Venice upgrade tokenomics: API revenue will trigger VVV buyback and burn, DIEM supply raised to 40,000
Odaily AI infrastructure project Venice has announced an update to its VVV and DIEM tokenomics model, introducing a new programmatic buyback and burn mechanism, and gradually increasing the DIEM supply target from 38,000 to 40,000 tokens.
Venice stated that VVV is its core ecosystem asset, an ERC-20 token issued on the Base chain. After purchasing and staking VVV, users can earn rewards, unlock Venice Pro benefits, and mint DIEM. Previously, a portion of platform revenue was used for market buybacks and burning VVV.
This update first expands the sources for VVV burns. Previously, Venice had implemented an automated VVV buyback and burn mechanism through Pro, Pro+, and Max subscription revenue. Now, this mechanism will cover API credit purchases: for every $100 a user spends on Venice API credits, $5 will be used to purchase and burn VVV. This process will be executed automatically; as API usage grows, more VVV will be removed from circulation.
Venice stated that the new API burn mechanism will be tracked separately on the official burn page, displayed distinctly from the burn records generated by subscription revenue.
At the same time, Venice will adjust the DIEM supply target.
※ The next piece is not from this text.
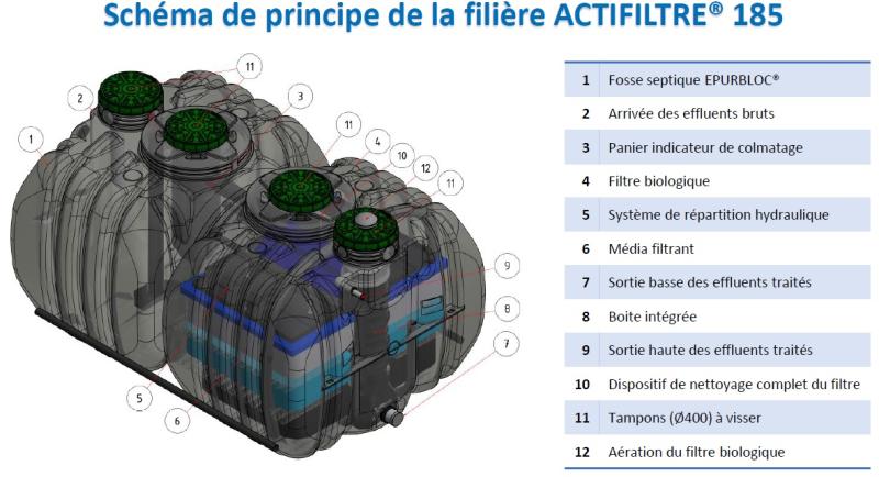 L’Actifiltre® 185 est un dispositif de traitement des eaux usées domestiques ou assimilées. Il comprend une fosse septique toutes eaux qui alimente un filtre biologique composé de fibres synthétiques inaltérables. Ce substrat innovant possède des propriétés filtrantes largement supérieures à la majorité des autres substrats utilisés traditionnellement.

DIEM is the second-generation token in the Venice ecosystem, used to provide access to AI model credits, with each DIEM corresponding to $1 in daily Venice AI credit.
DIEM can only be minted by staking and locking VVV. Users can utilize or sell these AI credits. Previously, the DIEM supply target had long been fixed at 38,000 tokens.
Starting August 3rd, this target will be gradually increased to 40,000 tokens, adding minting space for up to 2,000 new DIEM tokens for the market. Since each new DIEM requires locking more staked VVV, this will correspondingly increase the daily supply of AI API credits.
Venice noted that as the DIEM supply approaches the target, the mint rate will gradually increase. This supply target increase will provide users with greater minting capacity while maintaining the ecosystem's supply-demand mechanism.
This adjustment shows that Venice is strengthening its tokenomics circular economy through the path of 'growth in AI service demand → increase in API revenue → continuous VVV burns → ecosystem value capture'.